At the summit, unsheltered from autumn sun, she looks down on the bulwarks who range our city wall. Her breath hitches, audibly. Below us, my future: the bulwarks from the city’s foremost houses and temples, commanders of our matchless army. Bipedal or pronograde according to their inclination, earthbound or airborne. Our mature shapes are deeply individual, smelted from long lifetimes. Beasts that exist and beasts that never will, conjoined to human elegance.
“A friend of mine,” I say, gesturing to a six-limbed bulwark: humanoid from the waist up, leonine from the waist down, plated flesh and snakeskin mane. The other gate-guard is tower-tall, acute angles all over, four prismatic eyes and six glass hearts arrayed along her collarbones . Decorative; at that stage our heart disappears entirely and our brain becomes our sole vital organ. I catch their gazes and bow to them. They acknowledge with seismic nods.
Yut exhales. “They are so beautiful. Not that you aren’t.”
Normally I’m indifferent to flattery—bulwarks are beautiful by definition—but she is earnest and artless. I half-smile; she colors brighter, though that’s mostly exertion. “I’m a long way from what they are. There’s no comparison.”
“Oh, but you’re already so...” She stops herself. “What will you look like, when the time comes?”
“I’m not sure yet. Some of us develop it over years, sketching, sculpting. Watercolor or charcoal or nielloware. Tattoos.” An understandable preoccupation. One wants to be one’s best self at the final stage.
“Not you.”
“Not really.”
She glances at me sidelong. “What if you wanted to dedicate yourself to some other pursuit? Making beautiful pots and cups. Building stunning houses. Priesthood and the glory of prayer.”
Desertion is a solemn sin. I would be executed and my house dishonored. “I don’t see the appeal, not particularly.” Most bulwarks don’t think much of prayer, even though—or because—our grown forms inspire comparison to apotheosis.
“You say that a lot,” Yut murmurs. “Do you have to be s
o ambivalent?”
Toward her specifically, or in general. I suppose I’m prone to evasion, not that anyone else but Samonten would say it to my face. On the way down Yut is quiet, thoughtful. Her sweat has the scent of fresh baking, a hint of pepper.
* * *
An entire week passes before someone tries to kill Yut.
She is on her way to a cloister where icons from her native land are housed, the gods of braided rice and dried roses, deities who hold sway over fishing and pearl-diving. The lane toward it is narrow, lined with vendors who drape their stalls in variegated tarp and chittering, darting lizards.
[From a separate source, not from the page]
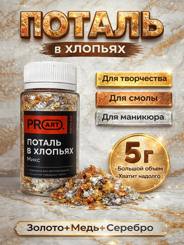 Поталь для творчества в хлопьях — простой способ добавить предметам благородный металлический блеск без сложных инструментов и опыта. Хлопья потали лёгкие, послушные в работе и быстро дают красивый, «дорогой» результат.

She insists I must try the plum pastry and the toasted tortoise. Able to taste or not I still have to eat, so I oblige. The textures are interesting, if nothing else, the aromas quite pleasant. As an aside, I let her know these are safe for her consumption. It is around then that the first shot comes, ricocheting precisely toward Yut’s head, a phalanx of comet arrowheads veering exactly for her heart.
I deflect them without much effort and look for their source. A balcony, high up. Yut has exhaled a conjuration of shadows, inky blots that unfold tattered and owlish; that surprises me—she is not panicking, not even distraught.
The shadows come with me as I give chase, flitting where I point, tangling in the assassin’s limbs. They cut the way razor threads cut fruit or tender meat. Straight through fat, muscle, bone.
When I’ve dispatched the assassin (human necks are easy to wring), I check for marks that’d reveal their allegiance and credentials; finding none, I behead them. Samonten will be able to dissect the brain and skull and get answers.